Start with the agent as an identity, not a feature

The single most useful shift is to stop thinking of the agent as a clever chatbot and start treating it as a member of staff with its own credentials. A person on your team has a login, a defined role, permissions scoped to their job, and a paper trail. An agent acting on your systems needs exactly the same. Strata, writing on agentic identity, puts it plainly: identity governance is the enforcement layer that binds an agent's actions to your policies through authentication, authorisation and audit.

This reframing makes the hard questions concrete. What can this identity see? What can it change? Who authorised that change, and can you prove it later? An agent without its own scoped identity inherits whatever the integration it runs on can do — usually far more than the task requires. That over-permission is where most AI agent security governance failures begin.
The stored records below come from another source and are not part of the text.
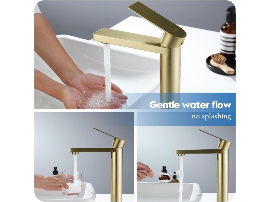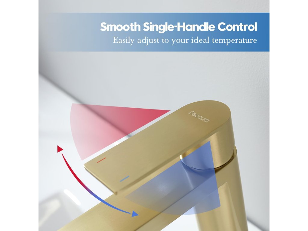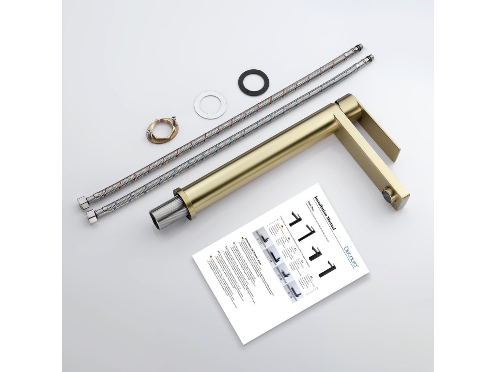 Vysoká umyvadlová baterie Decaura v elegantní zlaté barvě je vyrobena z kvalitní nerezové oceli pro dlouhou životnost a odolnost. Zlatá povrchová úprava je moderní, snadno se udržuje a nezanechává otisky prstů. Díky výšce cca 304 mm je ideální pro umyvadla bez otvoru a na desku. Vybavena vyjímatelným perlátorem pro rovnoměrný proud vody bez stříkání (lze odšroubovat klíčem 24 mm). Dlouhý závit (45 mm) a mosazná aretační matice se dvěma šrouby zajišťují stabilní upevnění. Snadná instalace, 5 let záruka na tělo a povrchovou úpravu.
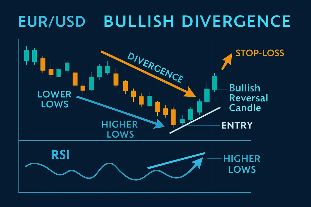 Suppose EUR/USD is making lower lows on the chart, but your RSI indicator shows higher lows. This suggests sellers are losing strength giving a potential long entry opportunity once a bullish reversal candle appears.
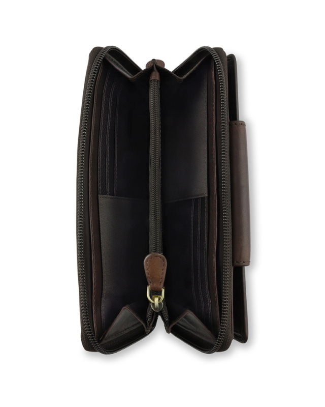 Функциональная организация: основное отделение на молнии и 2 кнопках, отделение для купюр, 24 отделения для кредитных карт, 10 карманов, отделение для монет, защита от сканирования RFID
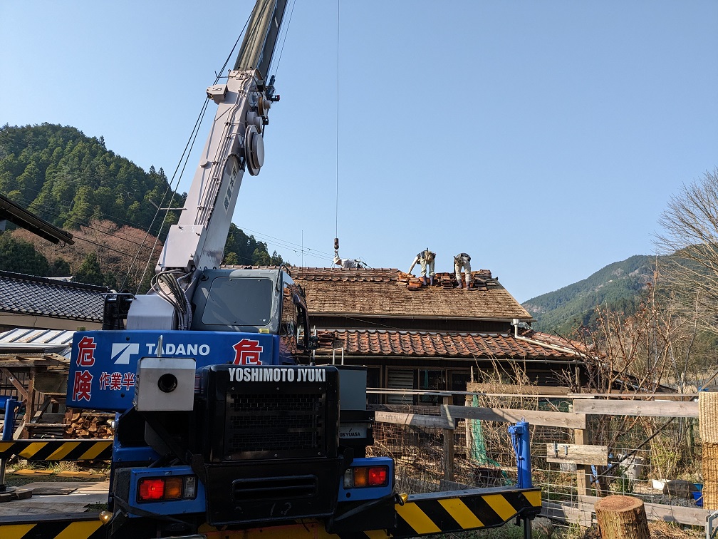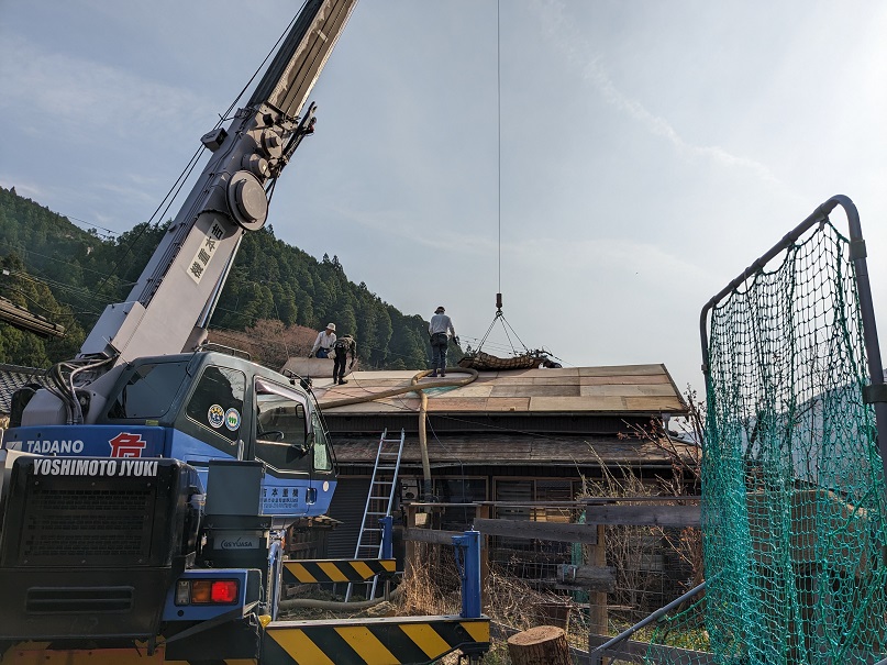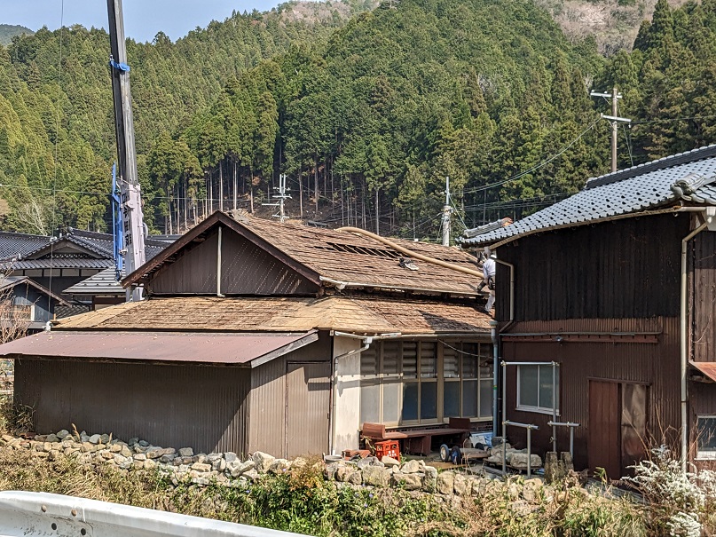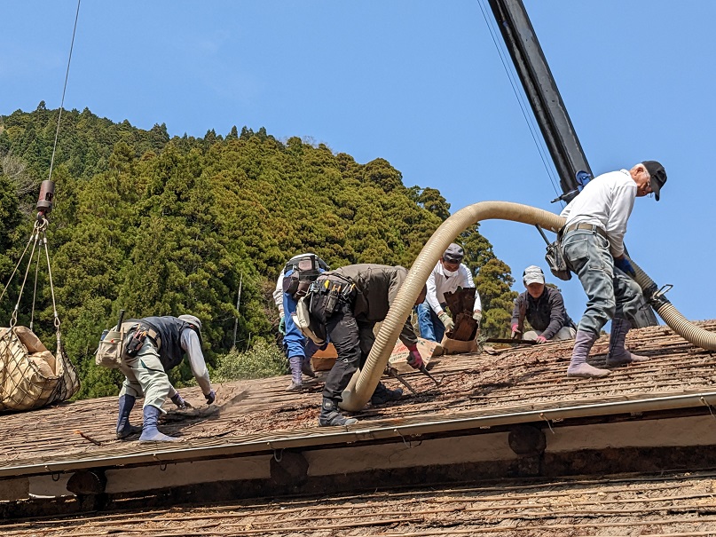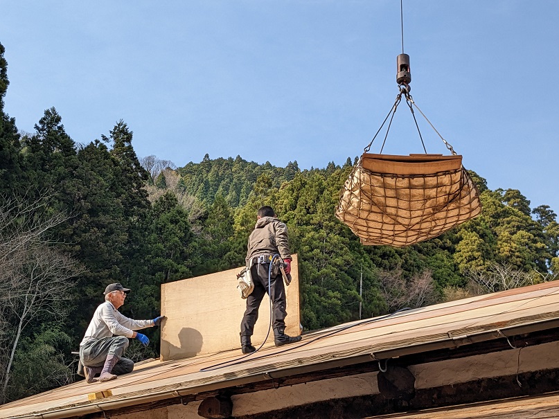 On peut discerner les feuilles d’écorce de cryptomère qui étaient juste sous les tuiles.
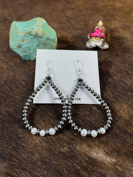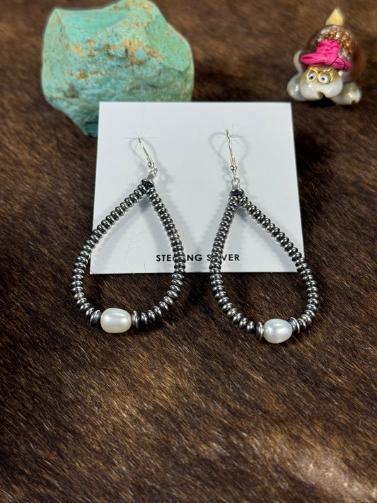 Freshwater Pearl Navajo Style Teardrop Bead Earrings
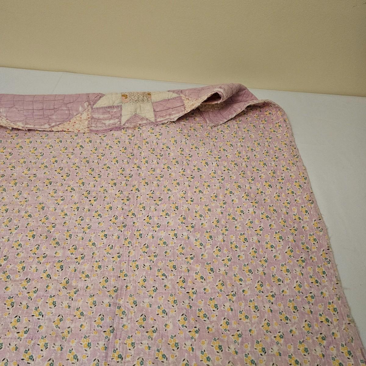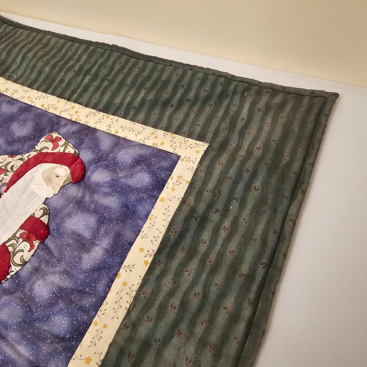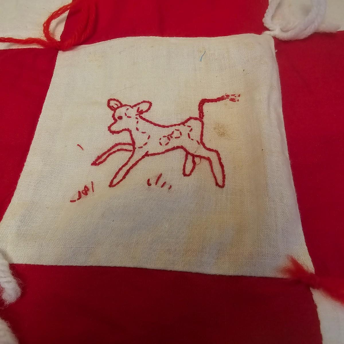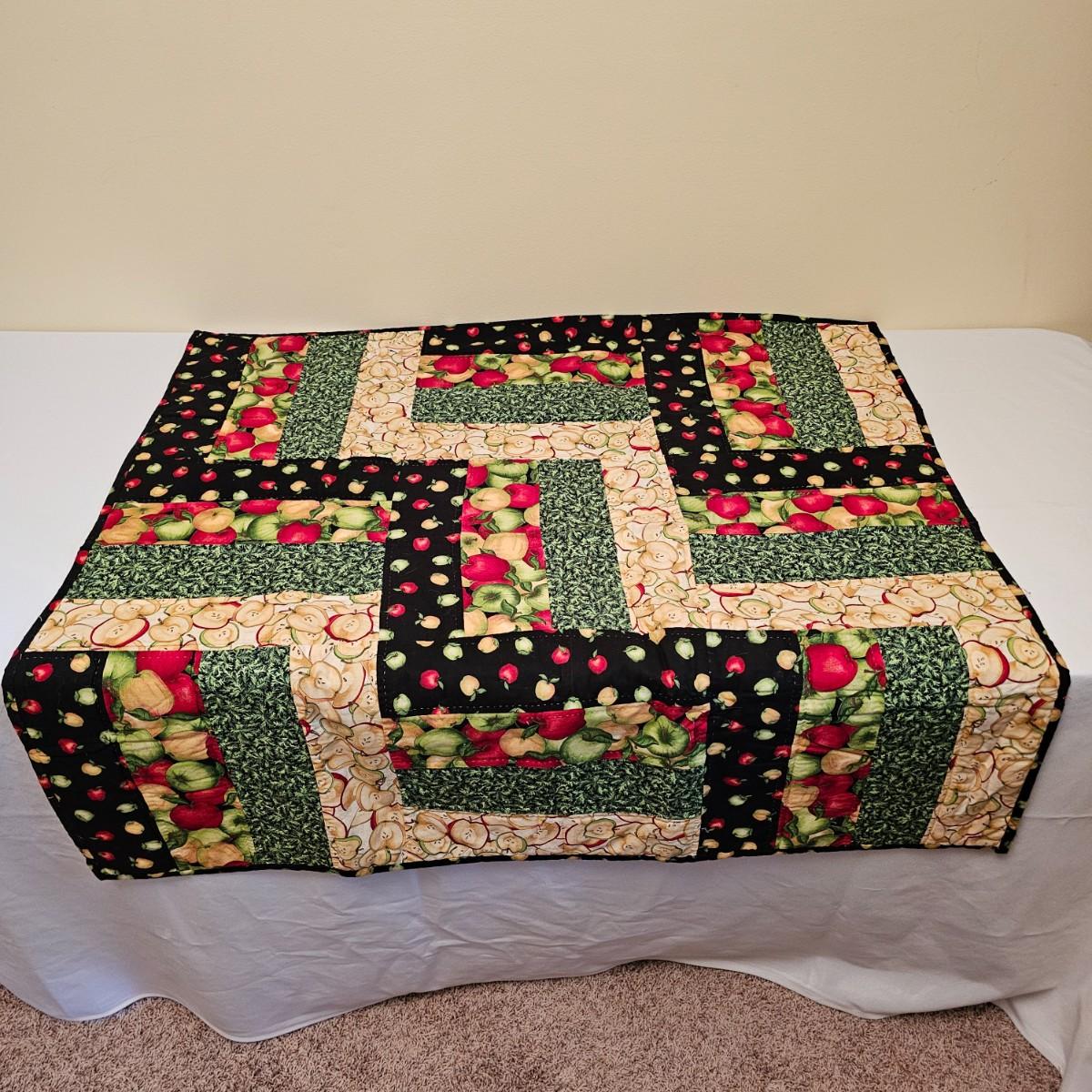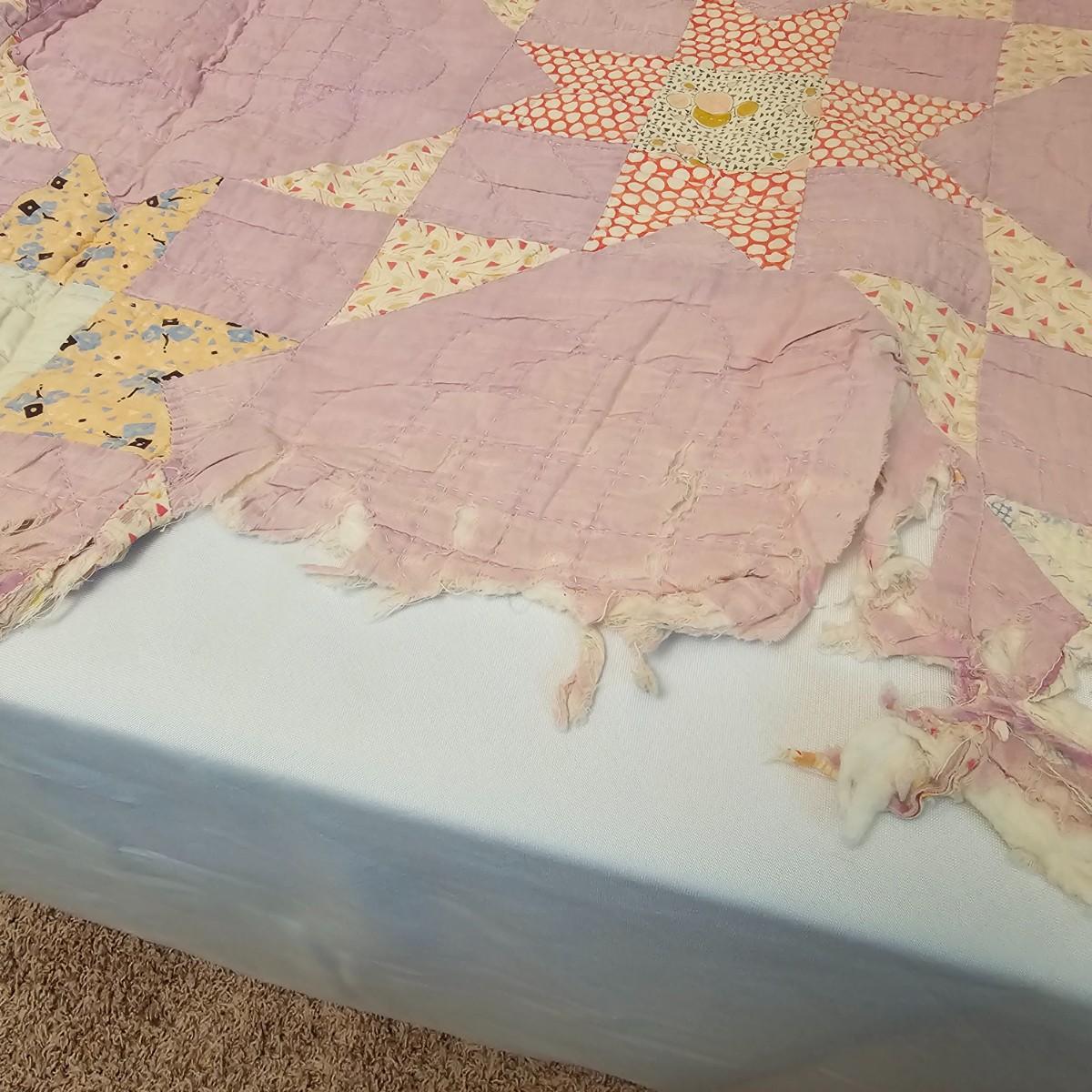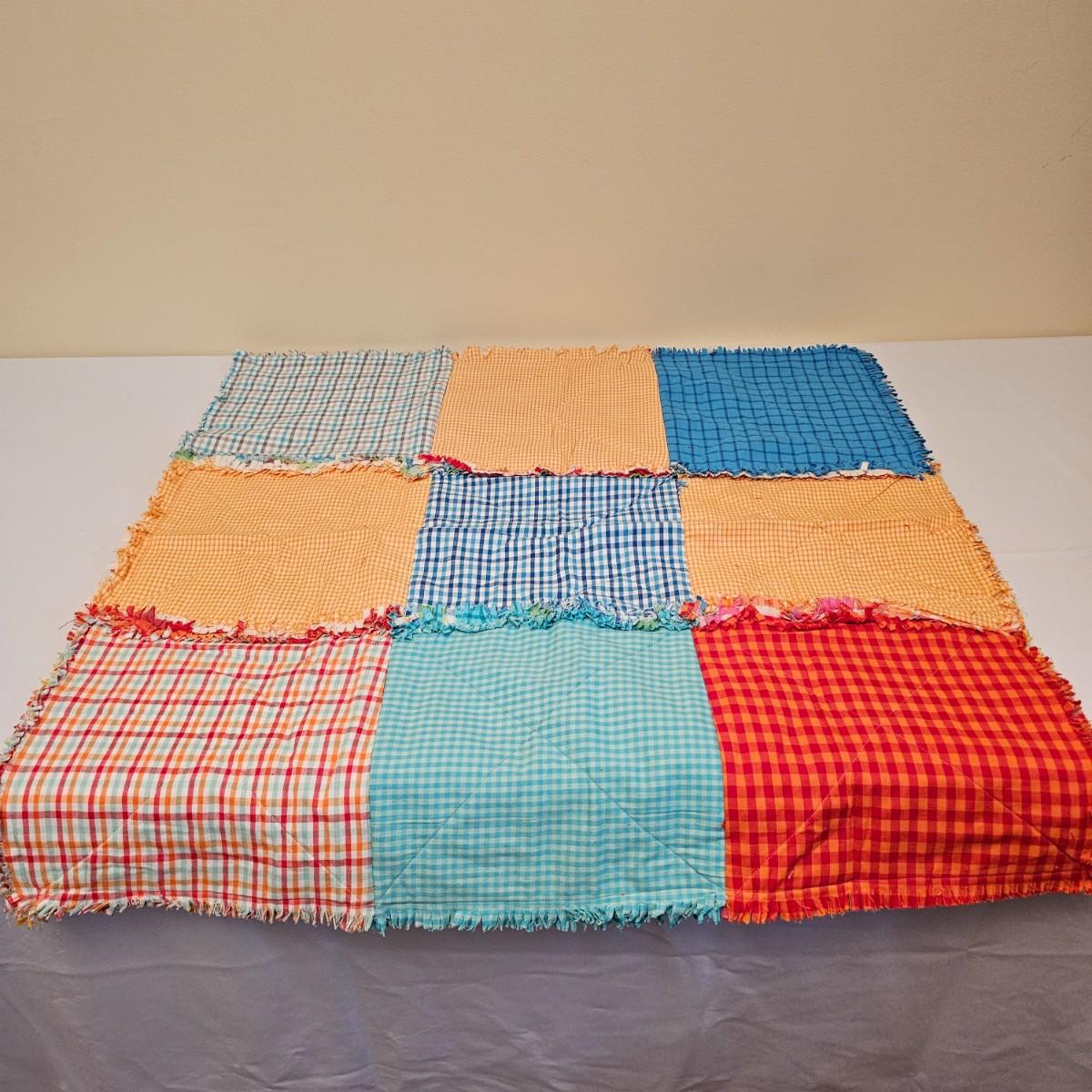 A rainbow of colors represents itself in these novel quilts and wall hangers. All sizes and shapes. Red/white squares piece is 36" x 46", has knotted ties at the corners. The four squares item is 39" x 54". Rag edge piece is 32"Sq, and the apples themed one is 41"Sq. Santa measures up at 22.5" x 27.5". Apple runner is 31.5" x 14.5", has some spotting on edges. Placemat is 22.5" x 14". Larger pink quilt, sometimes referred to as a 'cutter' to be used for pieces on other projects. Significant ragging on edges, this item measures 72" x 82". The large red floral piece is 66" x 102". Has some faded and worn spots on edges. Lastly is the quilt rack with cutout heart motif and removable hanging bar. Measures 46" x 5" x 11"H. All items used. See photos for details. Local pickup only.
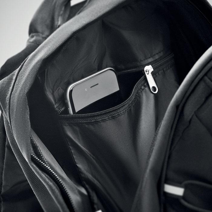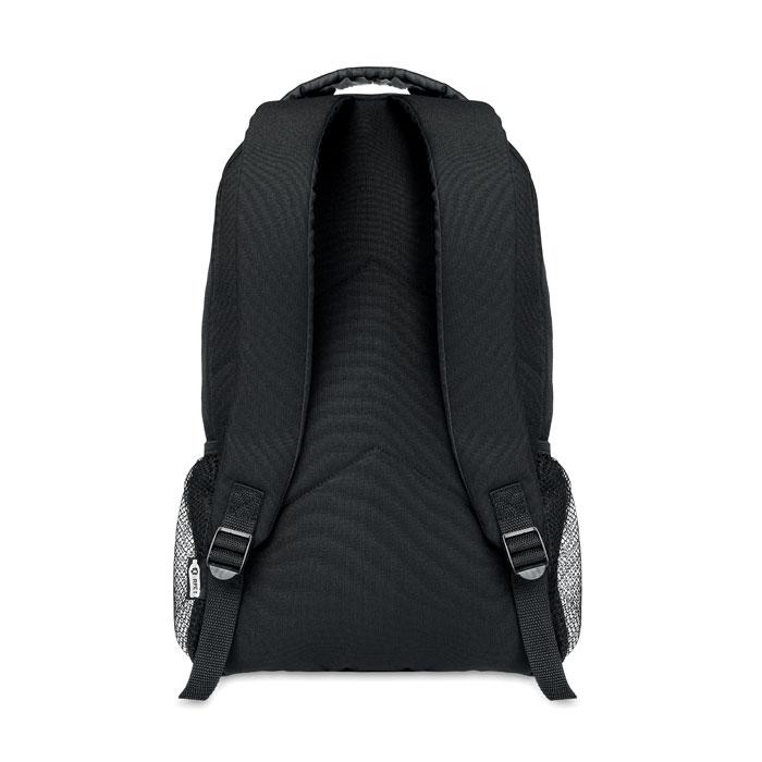 Rugzak van 600D RPET met donker koord voor op de rugzak en een reflecterend paneel voor betere zichtbaarheid in het donker. Mesh zakken aan beide zijden van de rugzak.
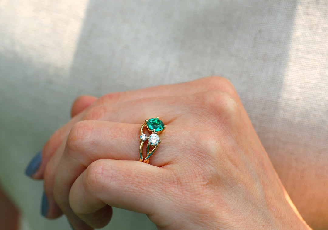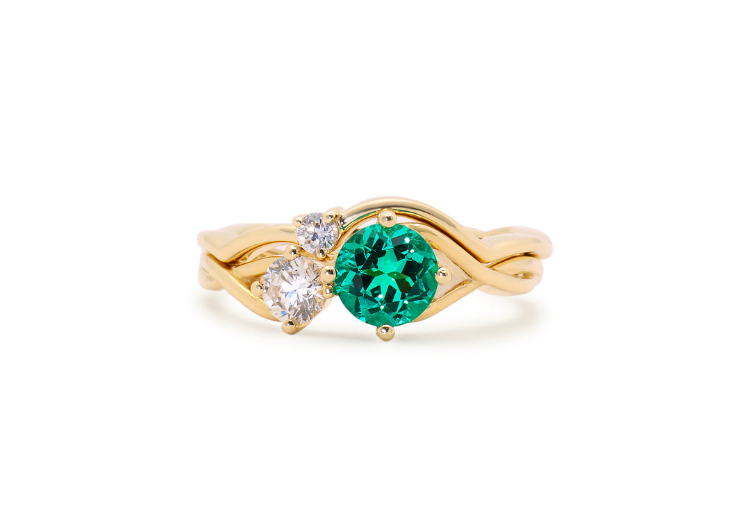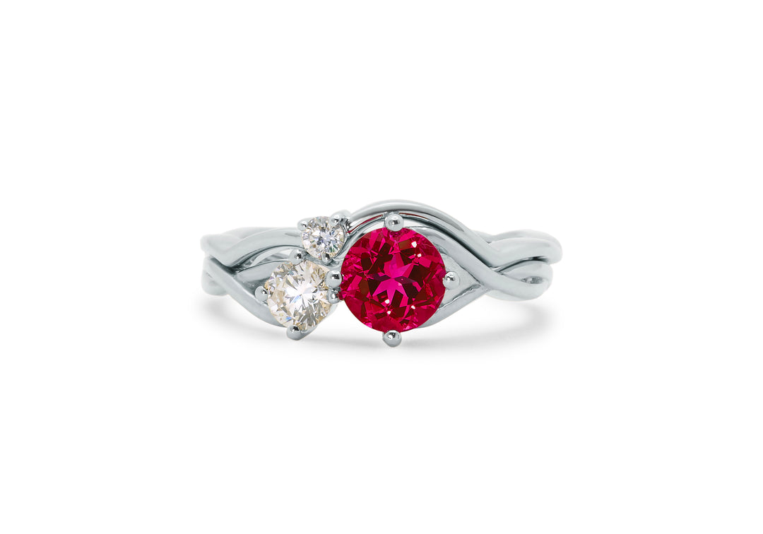 • Choice of emerald, ruby or sapphire paired with a diamond.

Human-in-the-loop approval gates: the part that lets you sleep

The core of human in the loop AI compliance is deciding which actions pause for a person. Two patterns matter, and the difference is not academic:

  • Human-in-the-loop (HITL) — the agent stops and waits for explicit approval before it acts. Right for high-stakes, hard-to-reverse actions: transferring funds, signing an agreement, deleting records, contacting a customer with a binding offer.
  • Human-on-the-loop (HOTL) — the agent acts and a person monitors, ready to intervene. Acceptable for medium-risk, reversible work where stopping every step would defeat the point.

The instinct to gate everything is the wrong one — it buries reviewers and the approvals become rubber stamps. Kiteworks describes a useful spectrum: the strongest control is human authorisation, where no action occurs without explicit, logged approval; the weakest still-compliant control is population-level oversight, where a person watches patterns and steps in when something drifts. Match the gate to the blast radius of the action, not to a blanket rule.

And the gate has to be real. Kiteworks names four conditions for meaningful oversight: the reviewer has enough information about the data and the agent's confidence; the reviewer has genuine authority to modify, reject or delay; the volume of reviews is low enough to allow real attention; and every decision is recorded in a tamper-evident log. Their sharpest line is the one to remember — a near-zero override rate signals that the reviews are not independent. If your humans never say no, you do not have oversight, you have theatre. Strata adds the practical detail: time-box the decision lanes — fifteen seconds for low-risk approvals, up to fifteen minutes for the heavy ones — and build in a guard against automation bias, the well-documented tendency to wave through whatever the machine proposes.

Contain what the agent can reach: ABAC and least privilege

Approval gates govern actions. ABAC AI agent access control governs reach — and reach is where a compromised or confused agent does the most damage. Role-based access (this agent is a "support agent", so it gets the support role) is the floor. Attribute-based access control is the better target: permissions evaluated at the moment of the request against attributes — which user the agent is acting for, what data class is involved, time, context, sensitivity. The agent gets a narrow, scoped token for the task in front of it, not a standing key to everything.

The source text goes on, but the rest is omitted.